The two-time winner this year drove the ball without fear. From the elevated tee at the 451-yard 16th, Singh hit driver and sent the ball into the crosswalk 345 yards away. "He hit driver on holes where the other guys were laying up," Bender said.

The course's 88 bunkers "restrict you from hitting drivers on most of the holes," Singh said. " But today I felt comfortable with the driver in my hand and took the bunkers on." He hit 10 of 14 fairways and 15 of 18 greens.

The only thing Singh has to fear is fear itself -- and the occasional heckler. On the whole the crowd on the back nine cheered for Singh far more than it jeered him. However, as Chicago fans have proven at White Sox games, it only takes one idiot to create an incident.

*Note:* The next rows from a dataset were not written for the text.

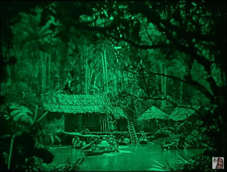 На пути к "Затерянному миру". На фоне хижин пирога с путешественниками.
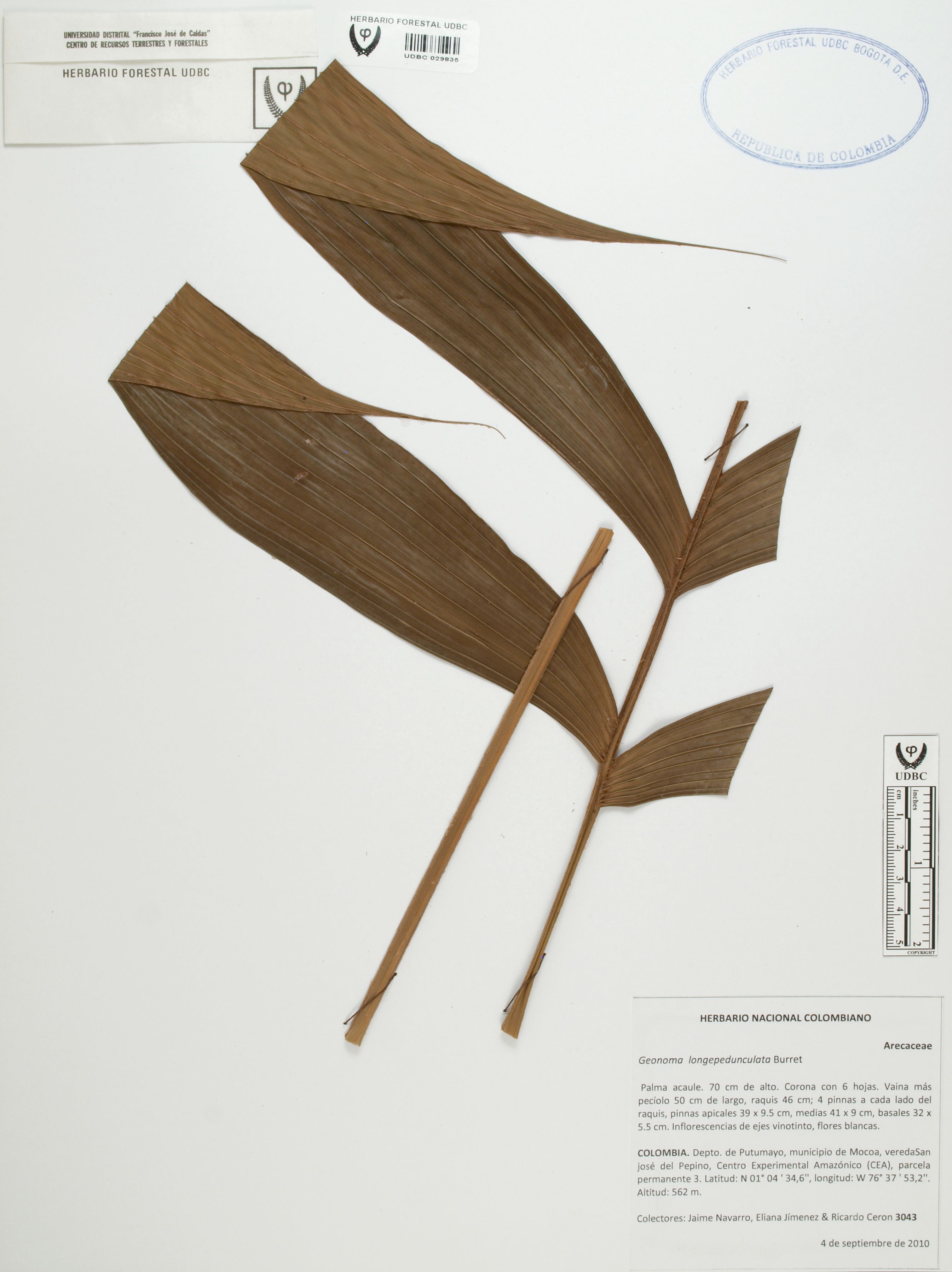 | dc.description | Fotografía del ejemplar Navarro, J. 3043, determinado como Geonoma longepedunculata | |
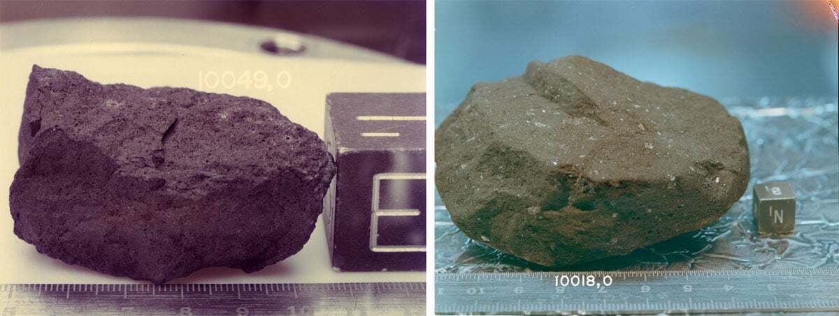 Βασάλτης 10049 της αποστολής Apollo 11 (αριστερά) και βρέτσια 10018 (δεξιά). Πηγή: NASA/LPI
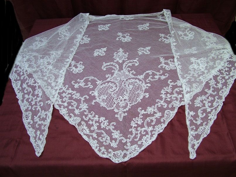 Comments: A short scarf of Honiton with scalloped edge, snails/slugs style. Some of the flower motifs are quite interesting. Ground is needle-made. Extensive leadwork fillings.
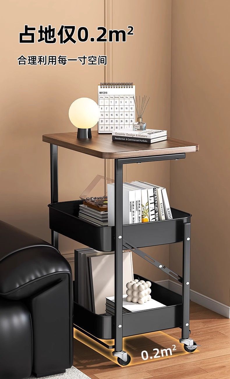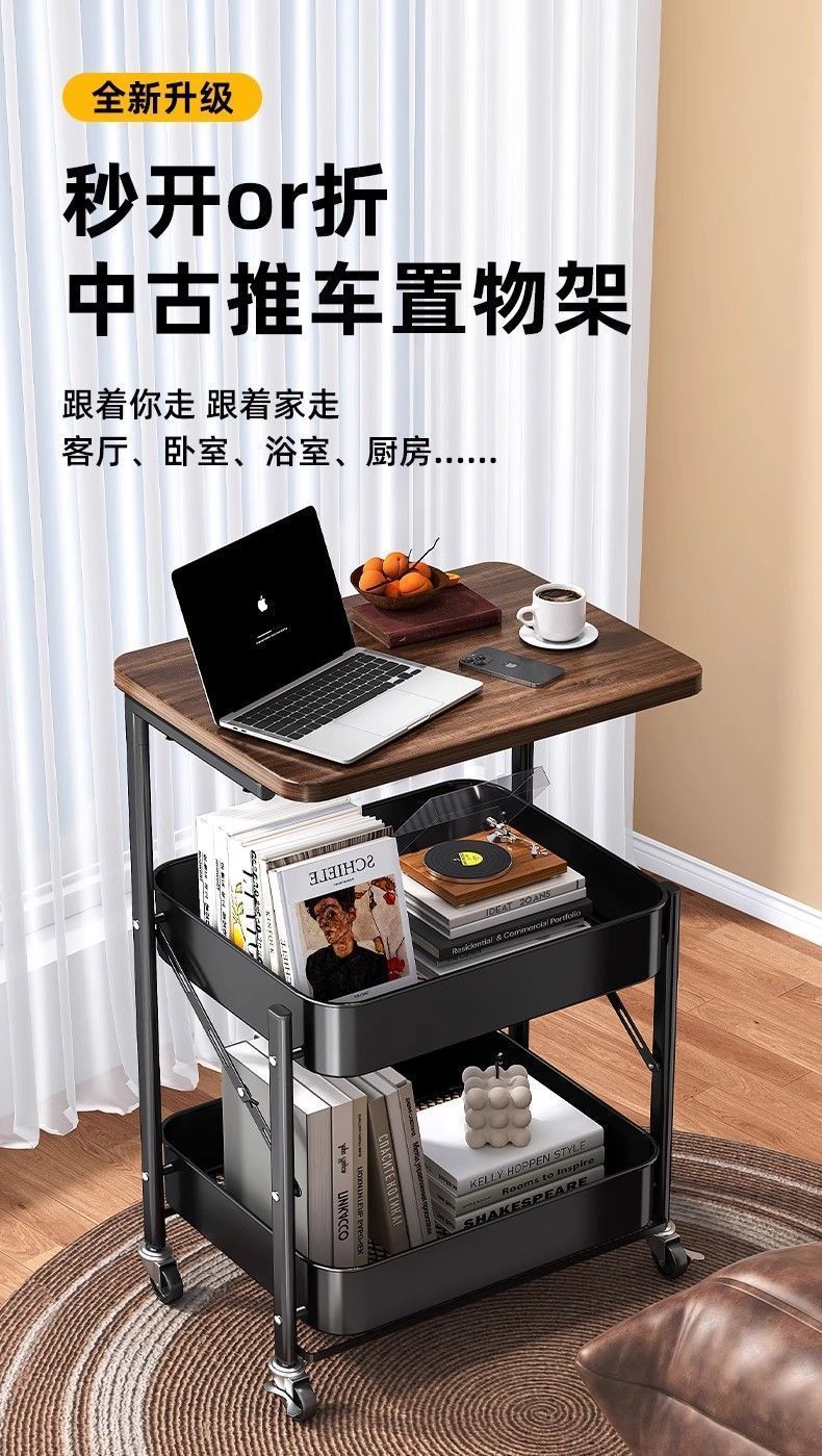 可移动小推车边几沙发储物架简易餐桌台床头柜复古家居收纳置物架
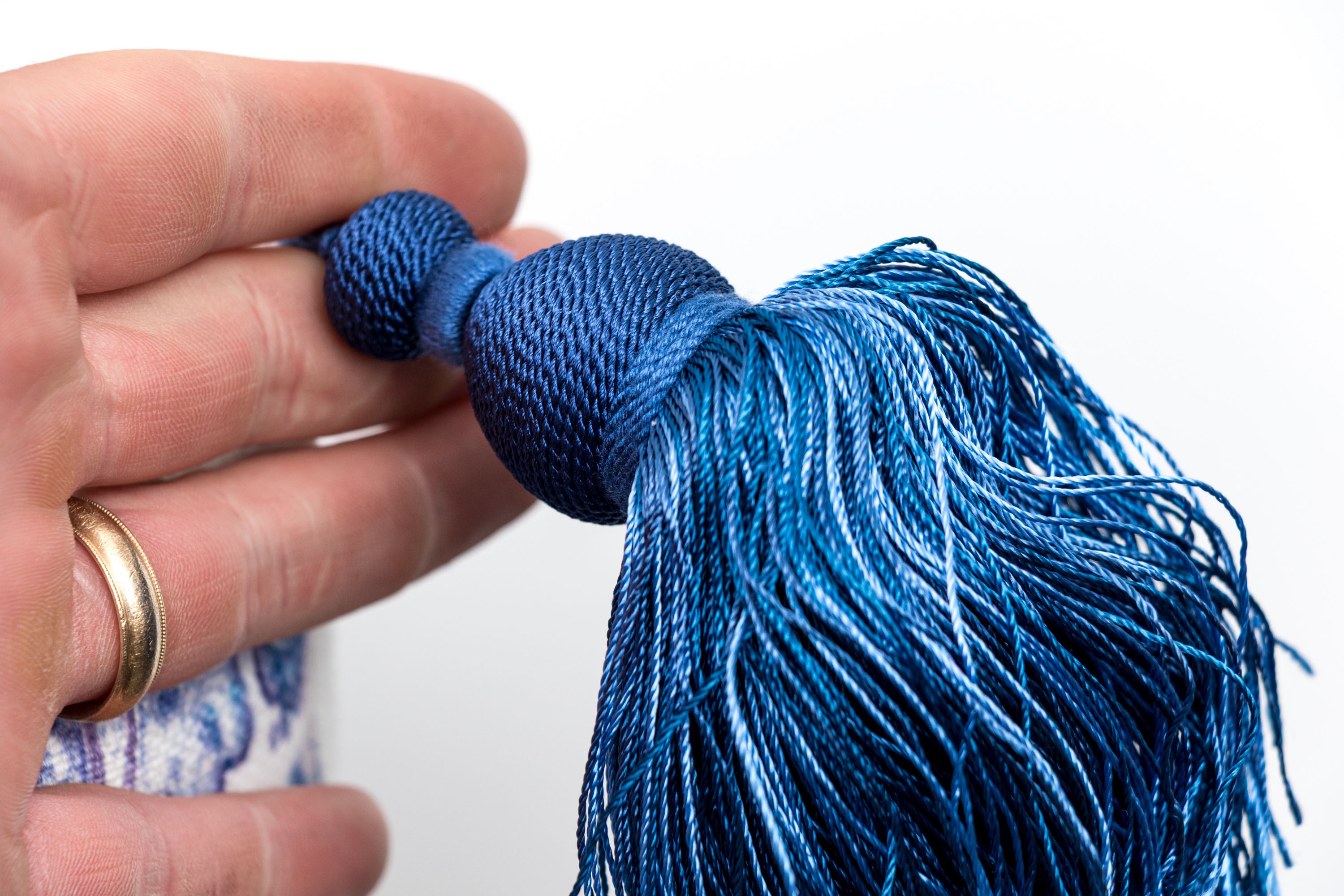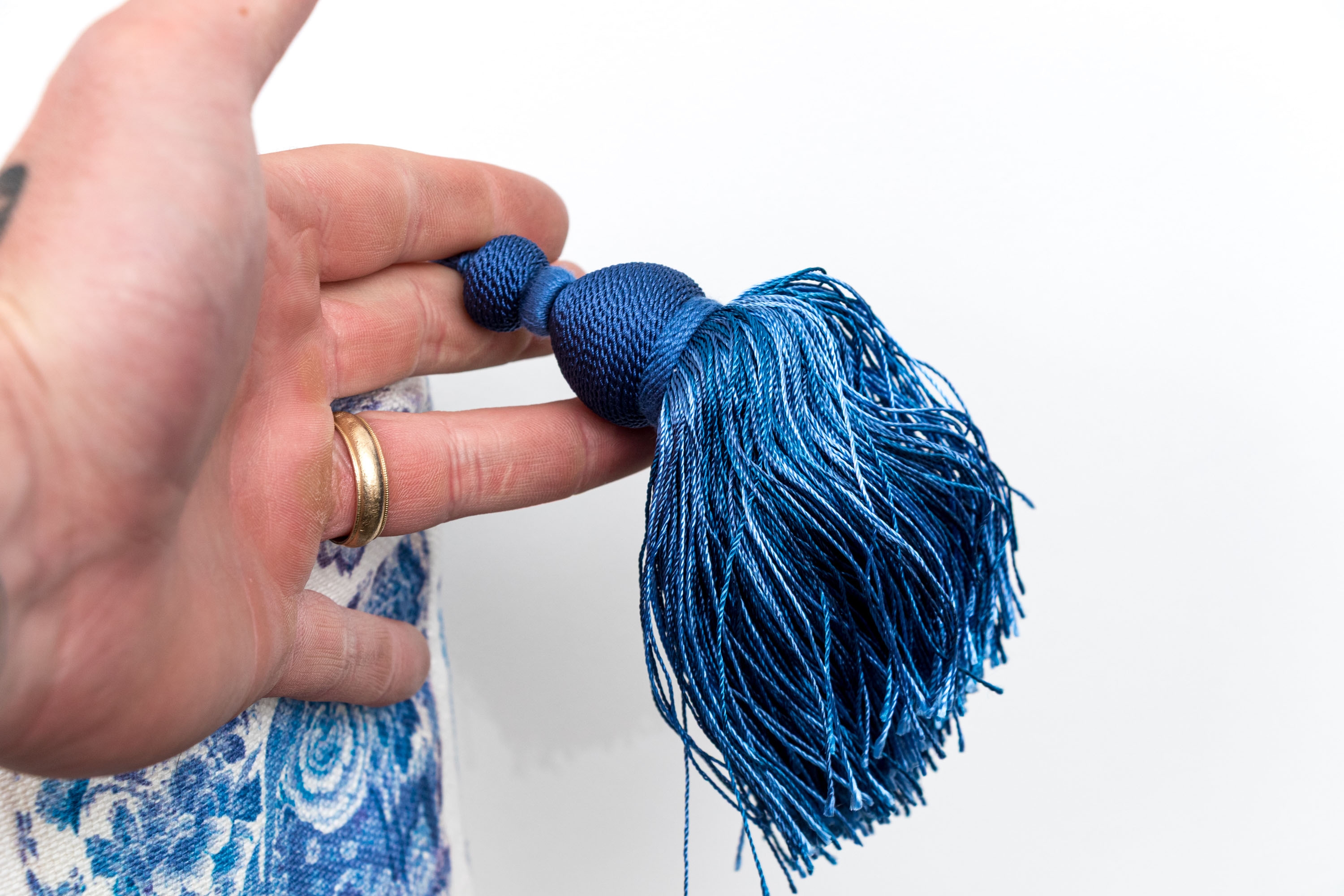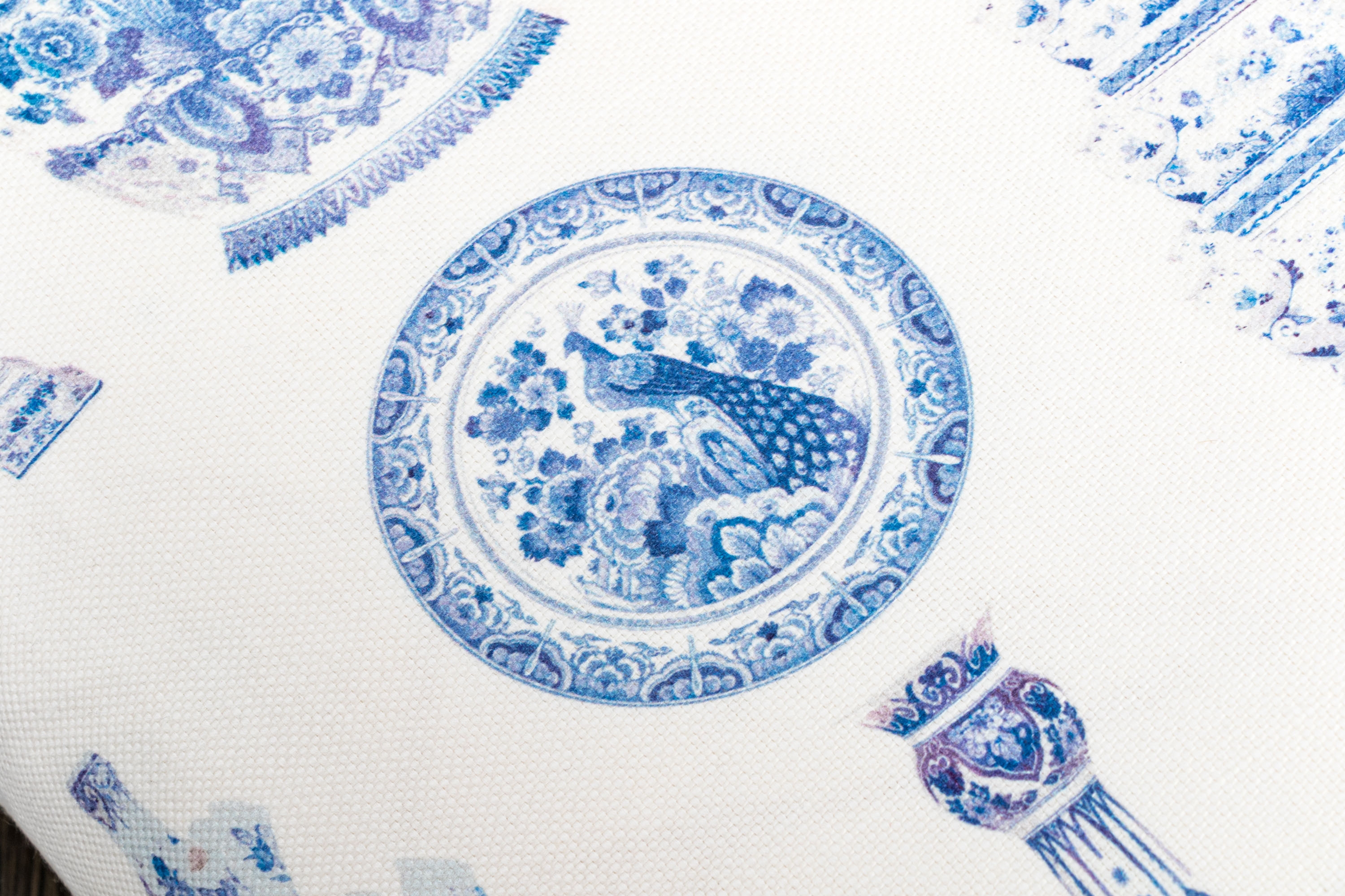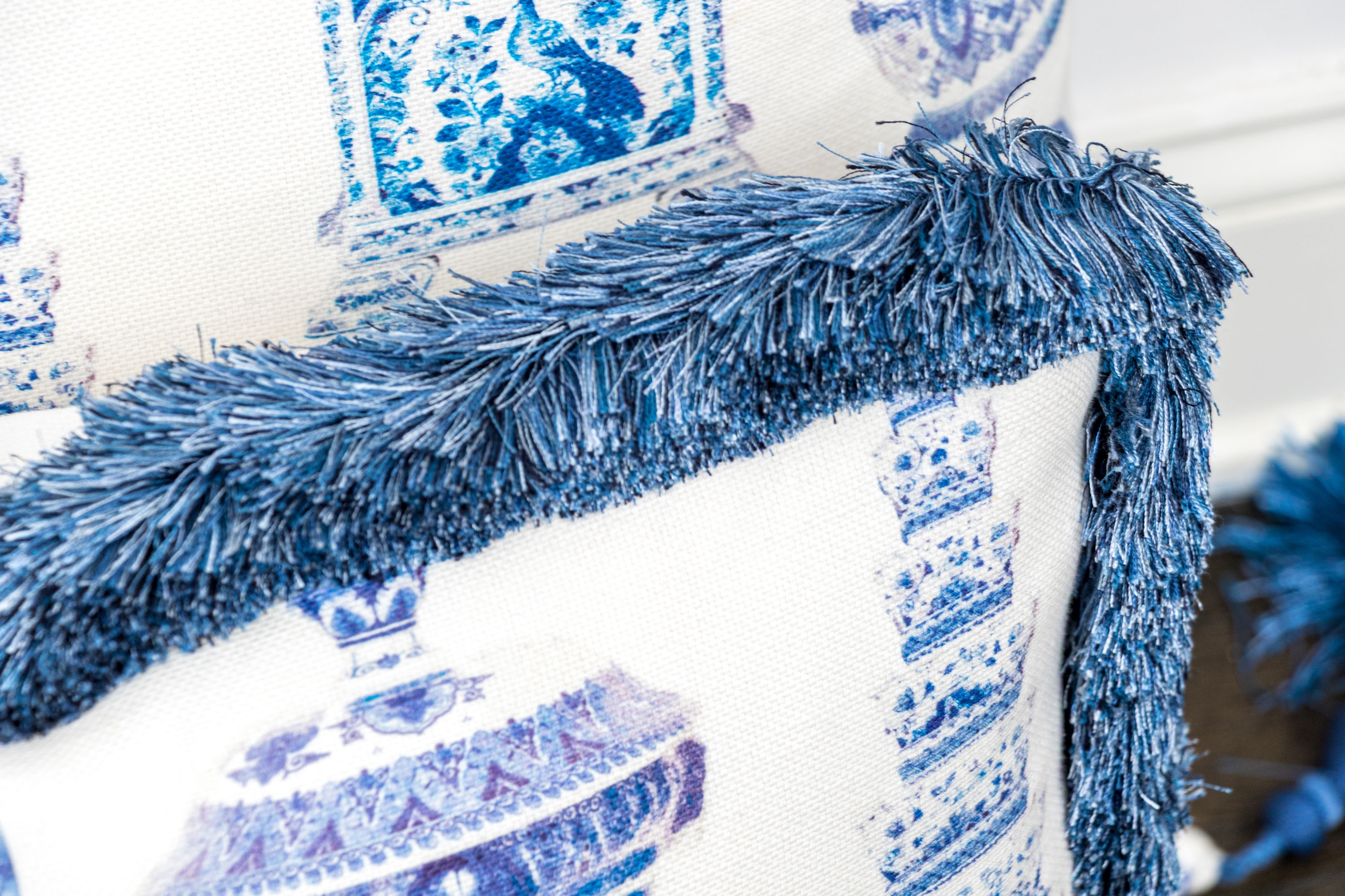 Comprised of two larger and two smaller. All with decoration of Chinese blue and white porcelain motifs against the white grounds. Smaller pillows with fringe around all four sides, the larger with tassels to the corners.
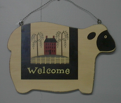 PRIMITIVE WELCOME SHEEP WOOD WALLHANG
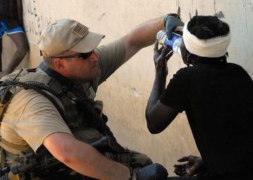 | Keywords: US Navy 100202-N-4971L-132 Sailor provides first aid to Haitian woman.jpg en BIREY Haiti Feb 2 2010 Chief Warrant Officer Jason Taggart from Wallsville Ohio provides first aid to a Haitian woman at a distribution point Fort McHenry is participating in Operation Unified Response as part of the Bataan Amphibious Relief Mission in Haiti following a 7 0 magnitude earthquake Jan 12 Official U S Navy photo by Mass Communication Specialist 1st Class Rachael L Leslie/Released 2010-02-02 100202-N-4971L-132 Navy http //www navy mil/view_image asp id 81473 U S Navy photo PD-USGov-Military-Navy Images from US Navy location BIREY Haiti First aid treatment |
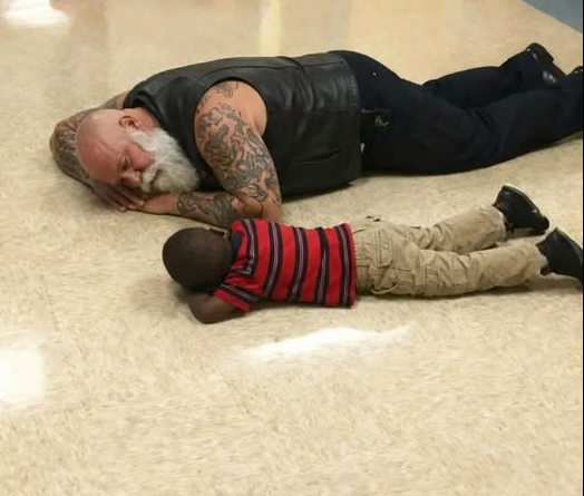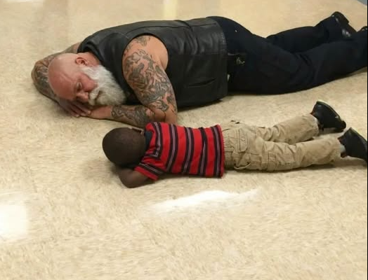 He was a big man in heavy boots and a worn leather jacket, the sort of presence that usually makes a waiting room grow more cautious, not less. He stopped at the doorway, took in the scene, and I braced myself for what usually comes next: unwanted advice, nervous stares, or the painful performance of pretending not to notice us.

When Singh approached the 14th green, an overweight spectator with a foghorn for a voice yelled out, "Hey, Vijay, I think Annika could have put it in."

The other spectators in the gallery booed. Dave Renwick, Singh's caddie, replied to the heckler to "shut his big mouth," said Bender. Renwick is a veteran looper and a feisty Scot. He caddied for Singh when he won his two previous majors, and Singh put him back on the bag this week because he likes Renwick's attitude.

"He's a lot more positive in clubbing me," Singh said. "He's a lot more sure when I'm over the ball in what he is going to say."

The heckler motioned toward Renwick, suggesting he come to the stands to settle it. Bender mouthed an expletive at the heckler, and he made the same motion to Bender. Renwick, Bender later said, told the heckler, "Come on down. I'll take you out right now."

None of this escaped the attention of the marshals, the two Cook County sheriffs walking with the threesome, or Joe Diovisalvi, Singh's personal security man. Diovisalvi, judging by his musculature, is not a man to be trifled with. He quietly entered the bleachers and sat down a couple of rows behind the heckler.

Diovisalvi said he was concerned for Singh's safety. "Yeah, it was a possible situation," he said. "I didn't want to have something interrupt Vijay's round. The guy had no respect for any of the players. It was a breach of security."

Had Diovisalvi gotten involved, the heckler would have had his face breached. Getting thrown out may have been the luckiest thing that happened to him Friday. Some in the crowd yelled, "Out! Out!" Others pointed him out, yelling "Black cap!"

As the marshals and the uniformed officer led the heckler away and the other spectators voiced their approval, Singh watched with a smirk on his face. Singh waved his putter to acknowledge the crowd's cheers, although after the round, he denied that he noticed the heckler. He said he had waved his putter at Renwick.

It was a clumsy attempt to defuse what had happened, which is curious, because Singh was the wronged party here. Otherwise, Singh made it through the press conference without incident. That he showed up at all might have been the offer of an olive branch to the media. More likely, Singh misunderstood the rules.

Singh said before the Open that he would speak to the media only if he led the tournament, and only because that is PGA Tour policy. However, the Open isn't a PGA Tour event. It's run by the United States Golf Association. USGA media official Marty Parkes said the game's ruling body has no policy that demands a media appearance by any competitor.

There's nothing that Singh said, or could have said, that would have matched his eloquence on the course Friday. His 63 was a speech for the history books.